#### INPUT DATA ####
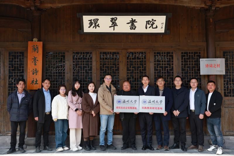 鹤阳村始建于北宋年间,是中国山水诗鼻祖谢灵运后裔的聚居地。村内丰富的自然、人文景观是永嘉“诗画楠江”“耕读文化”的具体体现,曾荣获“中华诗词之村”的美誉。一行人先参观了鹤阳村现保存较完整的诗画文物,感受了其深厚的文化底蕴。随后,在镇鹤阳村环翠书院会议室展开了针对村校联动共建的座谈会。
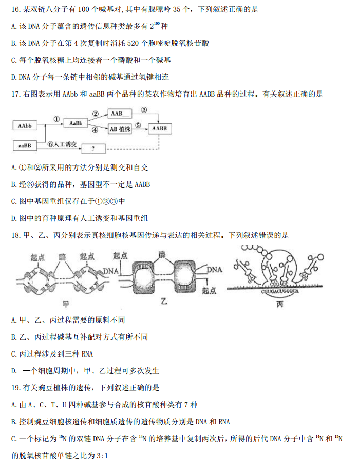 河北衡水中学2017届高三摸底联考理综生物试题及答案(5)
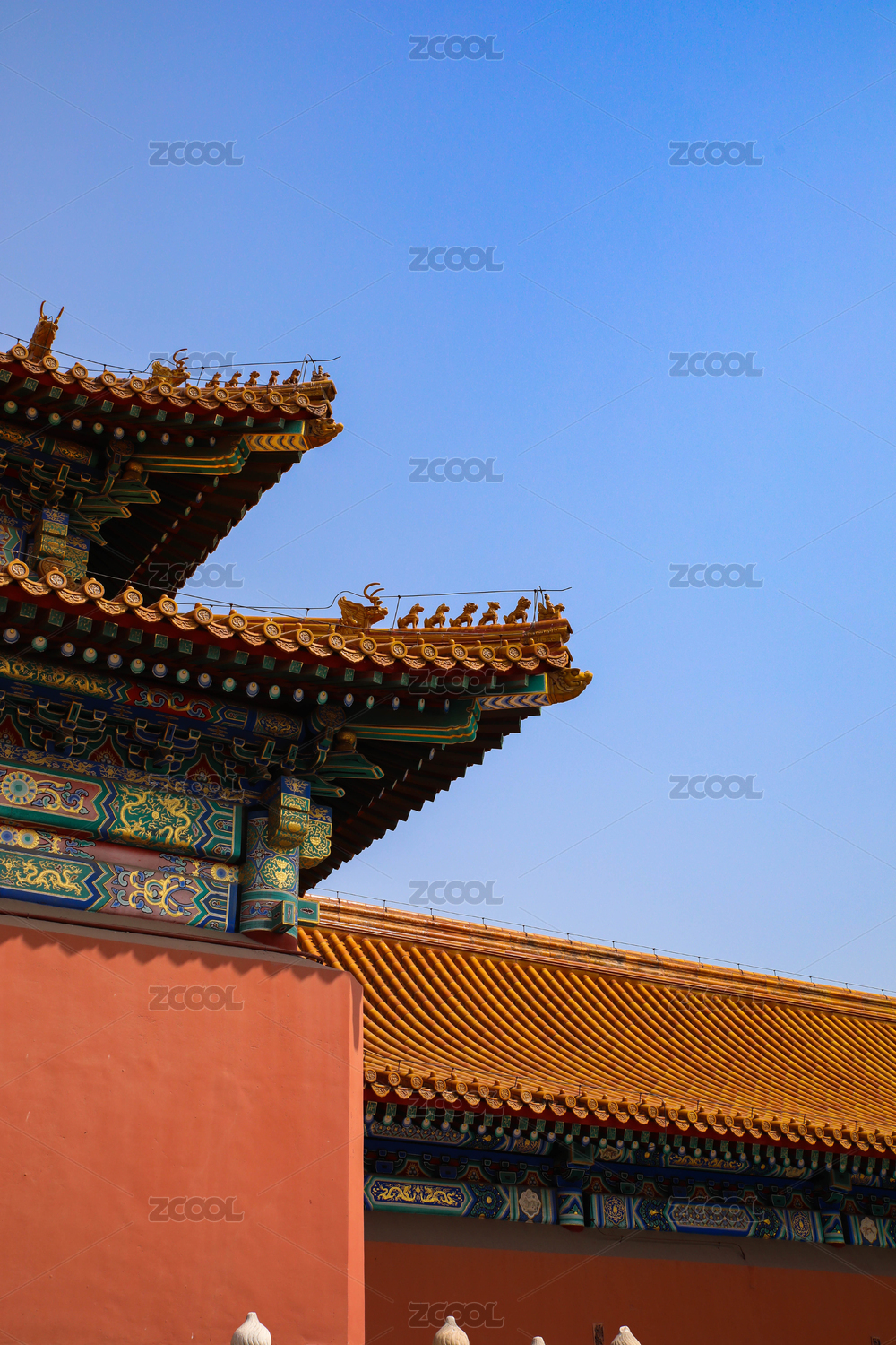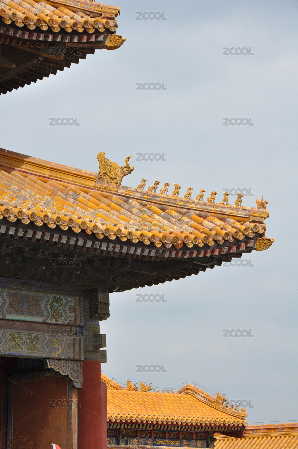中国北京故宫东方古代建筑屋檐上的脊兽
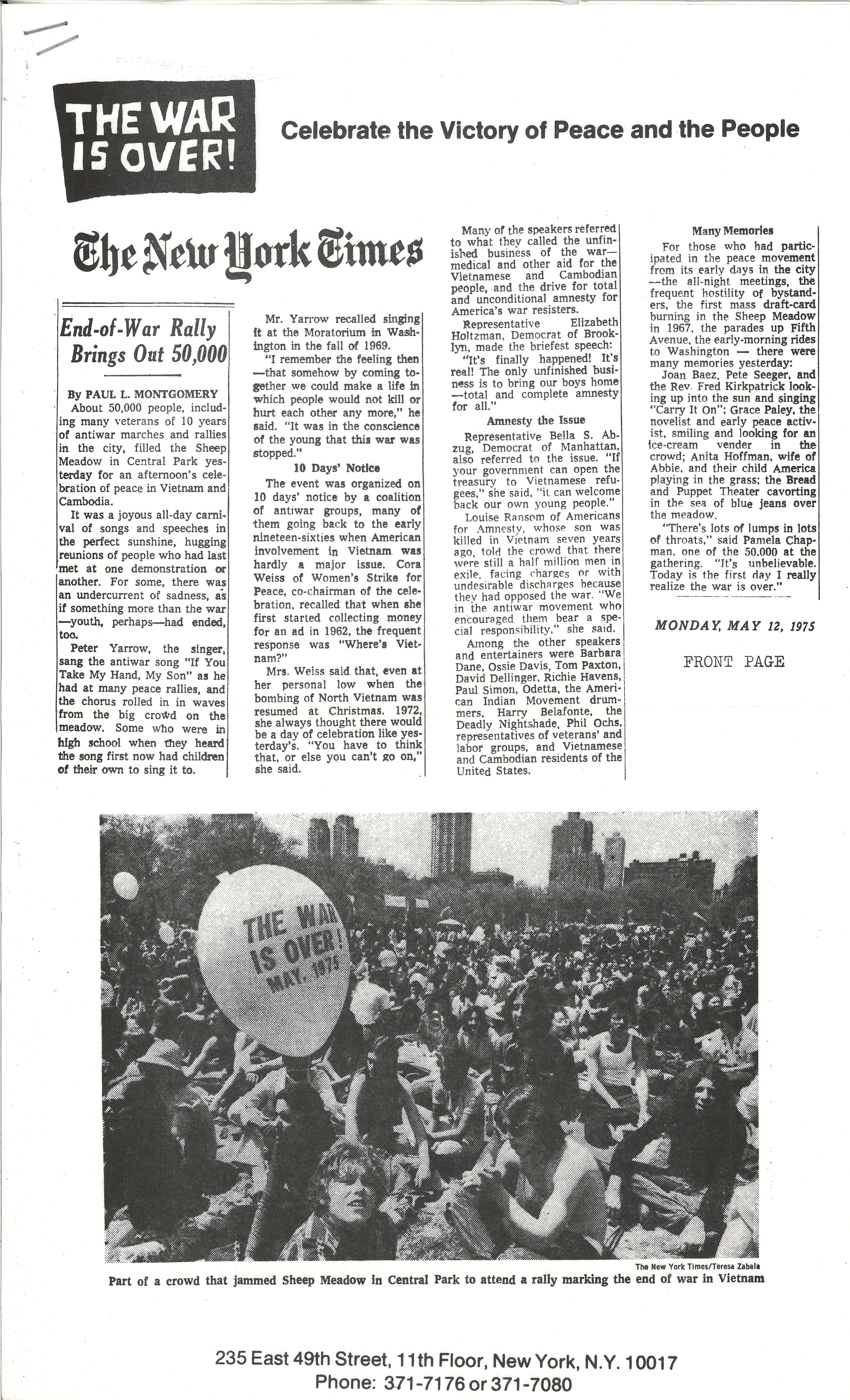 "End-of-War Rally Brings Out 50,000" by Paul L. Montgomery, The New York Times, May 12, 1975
####
#### INPUT DATA ####
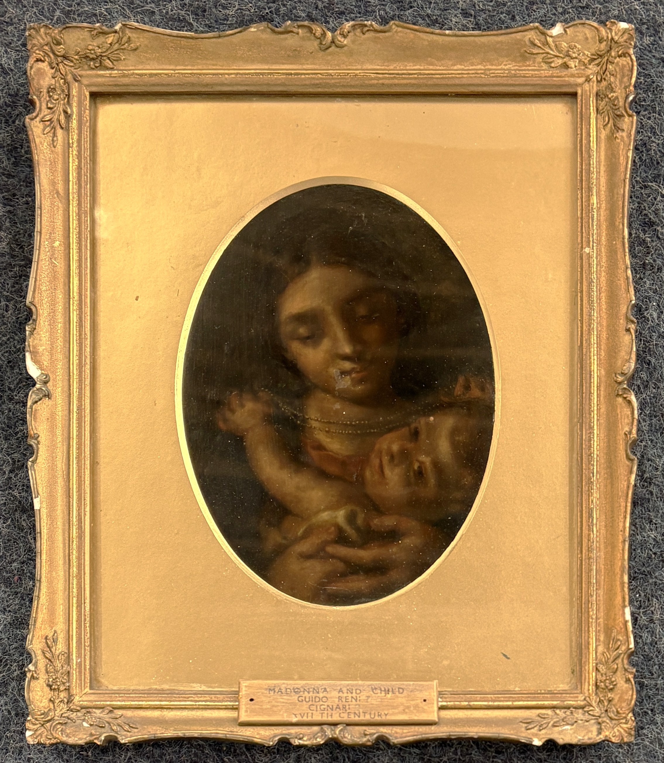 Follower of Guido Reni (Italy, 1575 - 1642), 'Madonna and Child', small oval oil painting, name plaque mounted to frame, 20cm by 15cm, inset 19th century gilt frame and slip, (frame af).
####
#### INPUT DATA ####
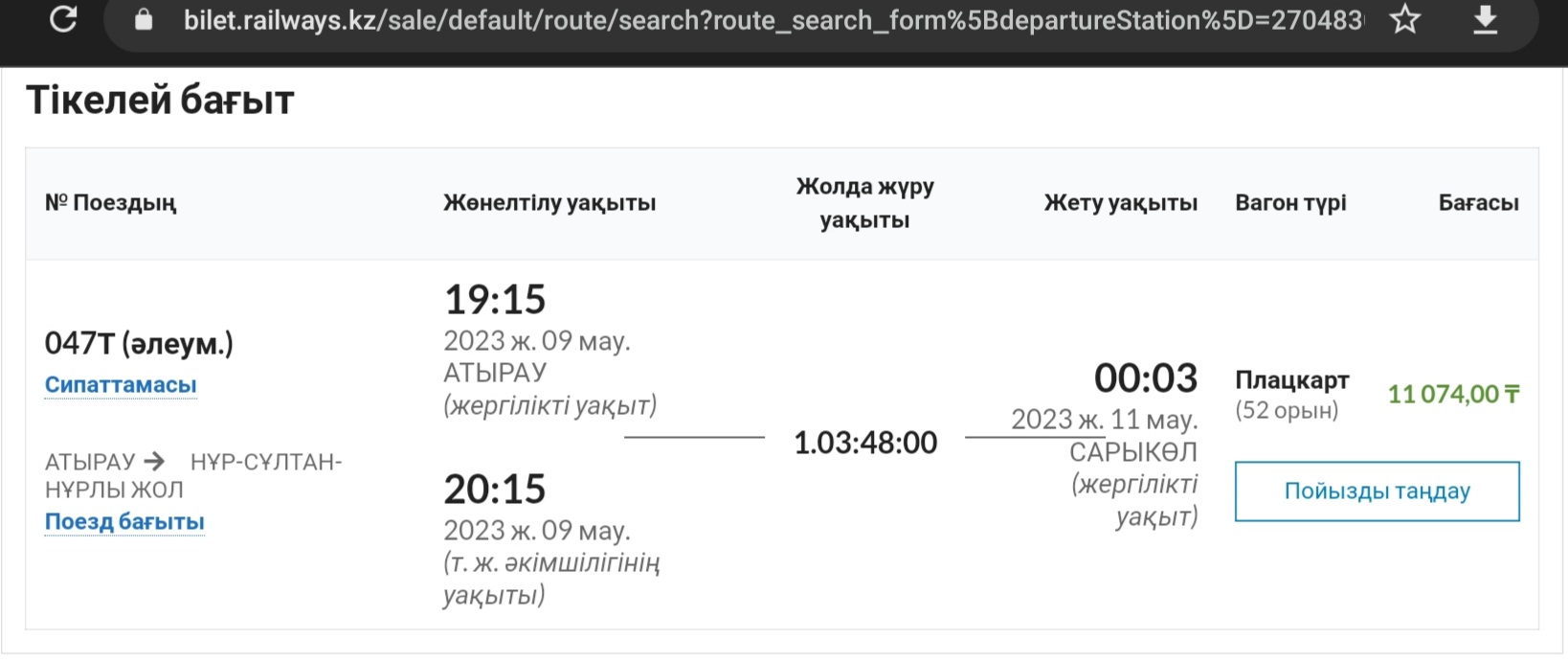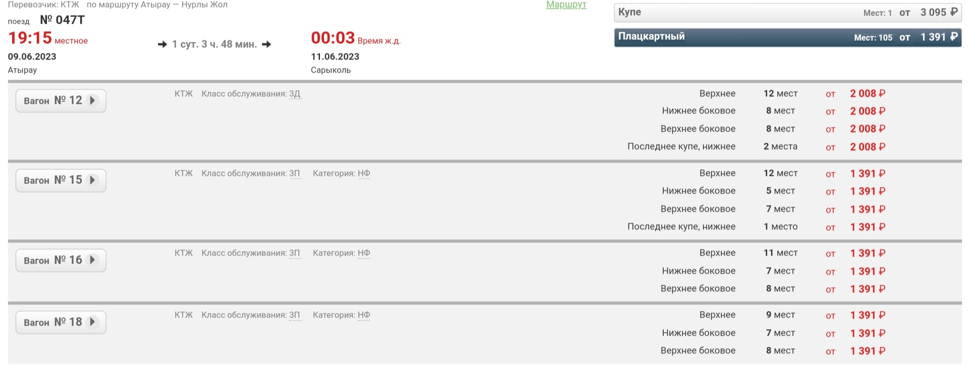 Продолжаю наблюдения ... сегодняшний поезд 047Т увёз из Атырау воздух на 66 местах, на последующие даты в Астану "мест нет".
####
## WHAT IS NEEDED
Within these entries, output exactly the lines starting at the one with "鹤阳村始建于北宋年间,是中国" and finishing at the one with "May 12, 1975". Leave pictures out of the output.

## RESULT BELOW
 鹤阳村始建于北宋年间,是中国山水诗鼻祖谢灵运后裔的聚居地。村内丰富的自然、人文景观是永嘉“诗画楠江”“耕读文化”的具体体现,曾荣获“中华诗词之村”的美誉。一行人先参观了鹤阳村现保存较完整的诗画文物,感受了其深厚的文化底蕴。随后,在镇鹤阳村环翠书院会议室展开了针对村校联动共建的座谈会。
 河北衡水中学2017届高三摸底联考理综生物试题及答案(5)
中国北京故宫东方古代建筑屋檐上的脊兽
 "End-of-War Rally Brings Out 50,000" by Paul L. Montgomery, The New York Times, May 12, 1975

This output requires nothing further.